Reputation: 63
I am looking for assistance with my R code when exporting a DocumentTermMatrix. The file size is too large to export so I was curious if there is a way to set a Frequency to the DTM? For example, only return values in the DTM that have been used 5 or more times.
dtm <- DocumentTermMatrix(alltextclean)
write.csv(as.matrix(dtm), "dtm.csv")
The above produces too large of a file, can I add a frequency to this? I also tried the below but I am left with a list of terms but without a term count (this would also be useful).
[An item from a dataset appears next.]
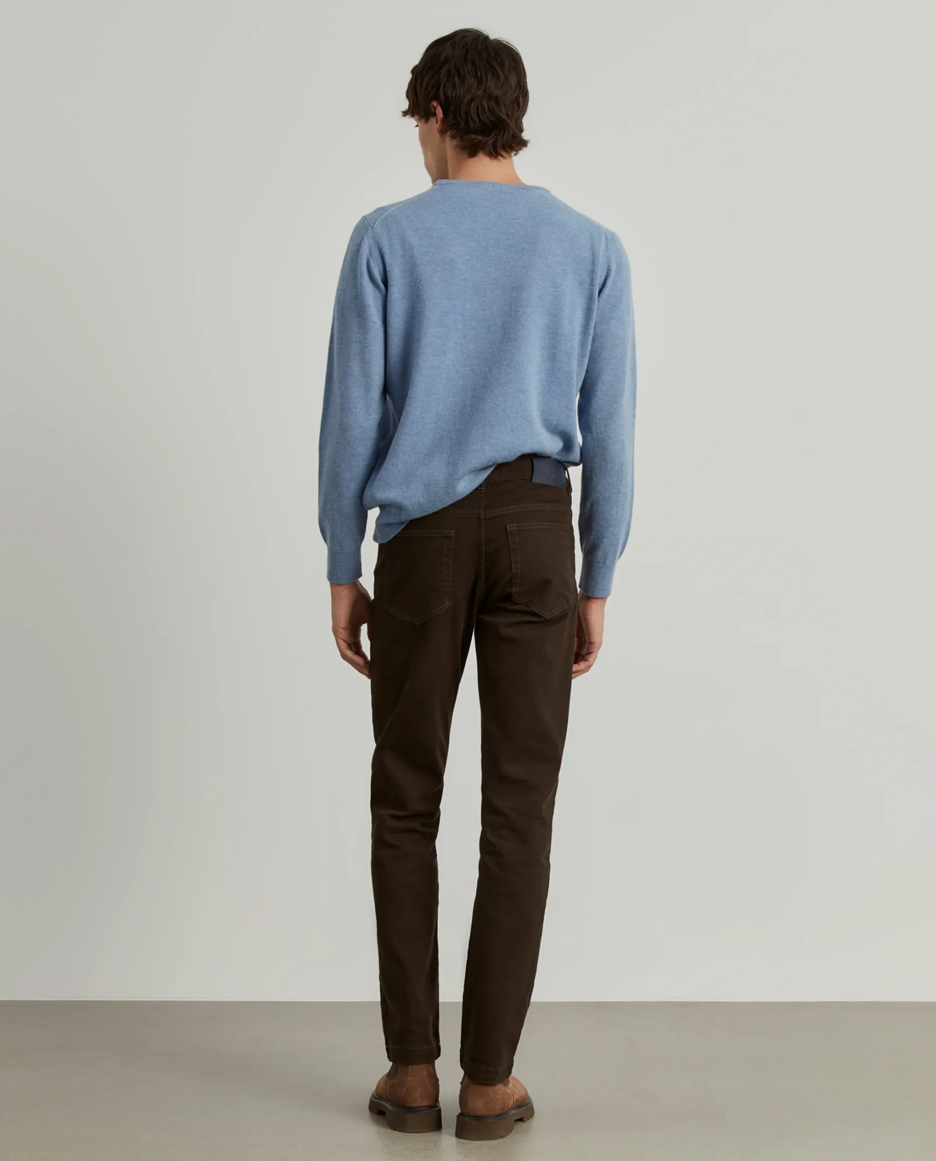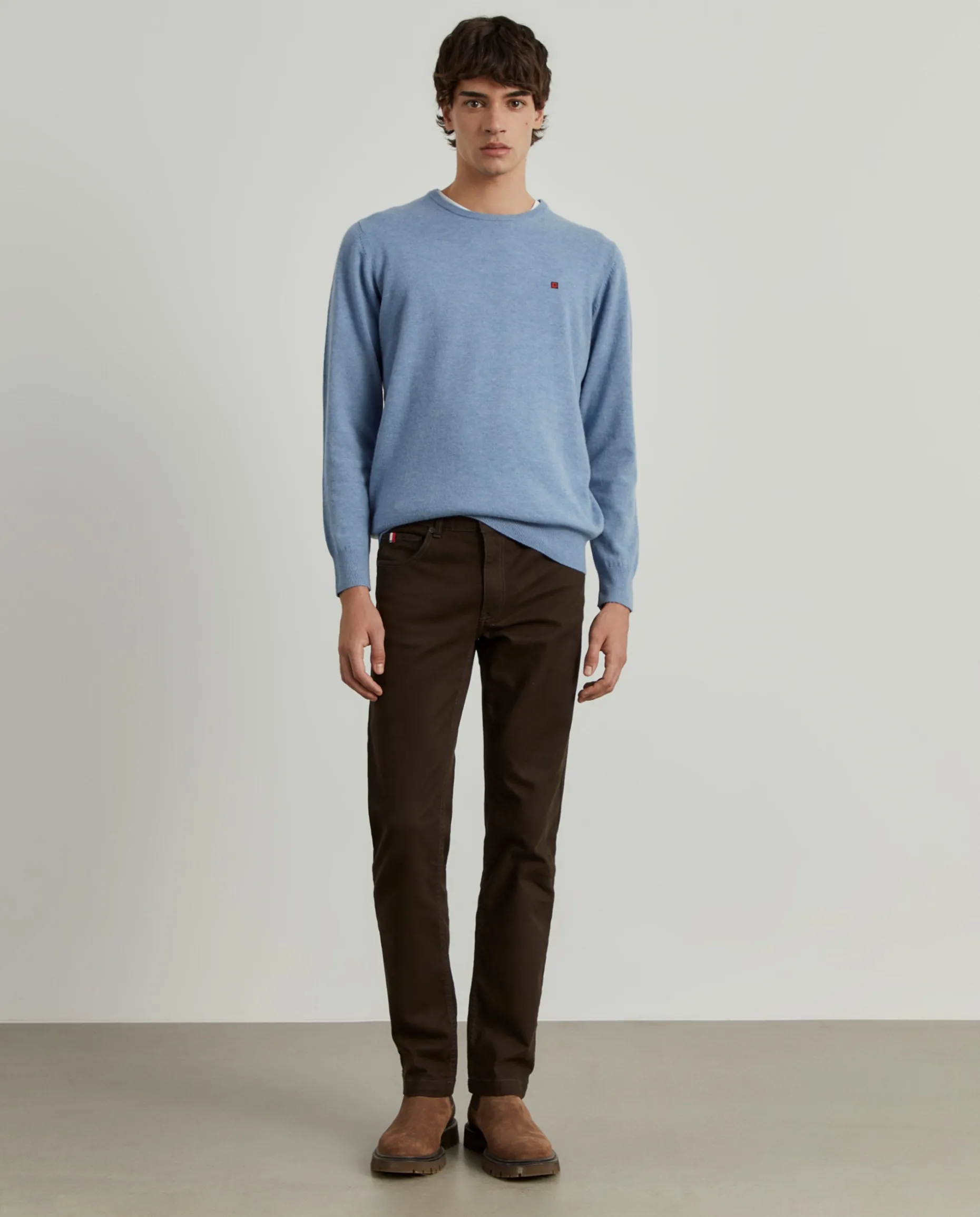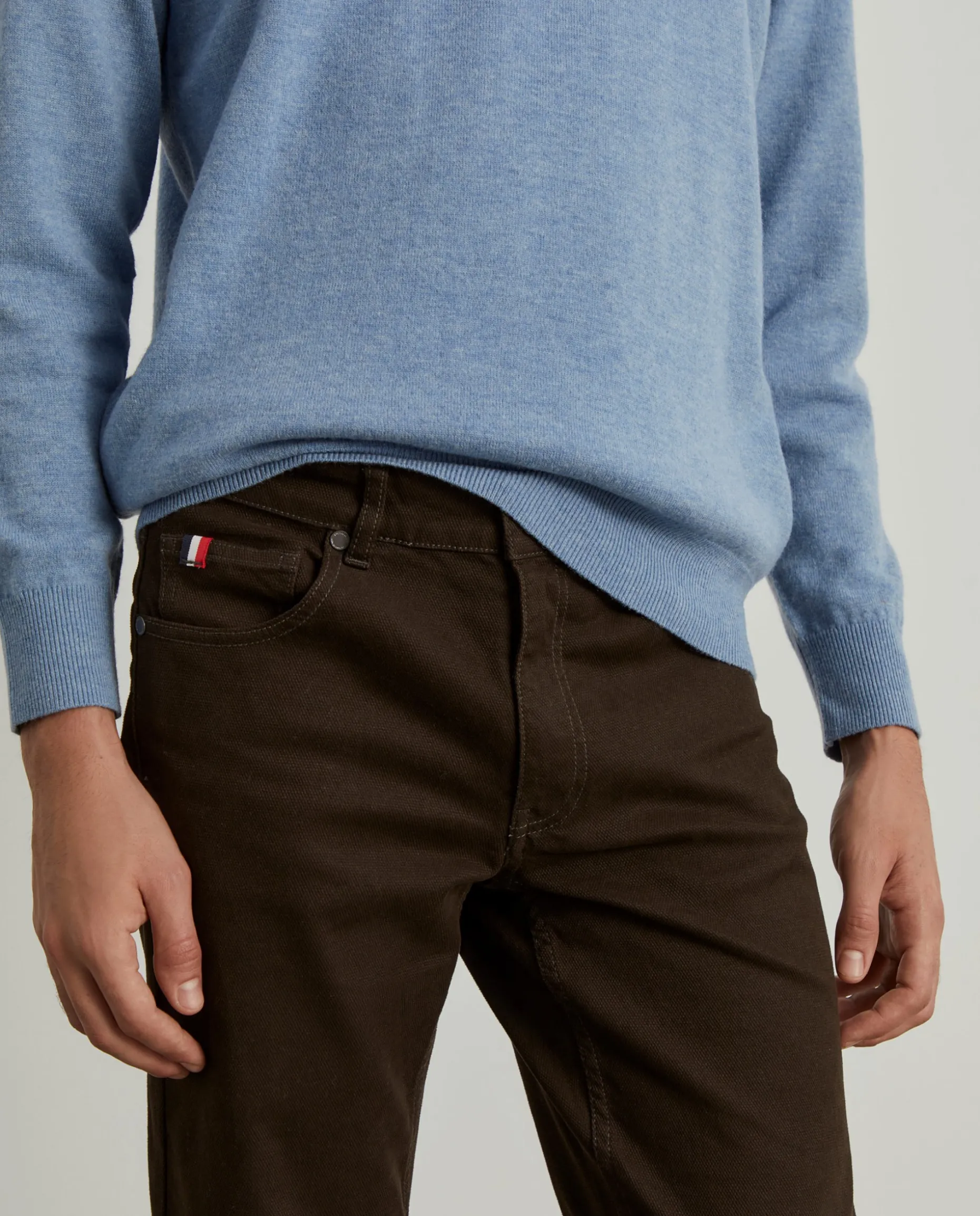 Calças Regular Fit com cinco bolsos. Botões e rebites personalizados. Etiqueta atrás no cinto “Lion Of Porches”. Fita tricolor no bolso de moedas.

termsonly <- findFreqTerms(dtm, 5)
write.csv(termsonly, "termsonly.csv")
Adding a frequency to the above would also be helpful.
Thanks for the help!
Upvotes: 1
Views: 377
Reputation: 46938
I guess you are looking for the total occurrence of each term, across all documents. Using an example dataset:
library(tm)
data(crude)
If your matrix is not so huge, you can do:
dtm = DocumentTermMatrix(crude)
Freq = colSums(as.matrix(dtm))
Otherwise, let's say we take terms with at least 5 occurences:
termsonly <- findFreqTerms(dtm, 5)
Freq = colSums(as.matrix(dtm[,termsonly]))
Or you cast it into a sparseMatrix and sum the columns:
library(Matrix)
Freq = colSums(sparseMatrix(i=dtm$i,j=dtm$j,x=dtm$v,dimnames=dtm$dimnames))
You can also check this post if you like a tidy solution.
Upvotes: 1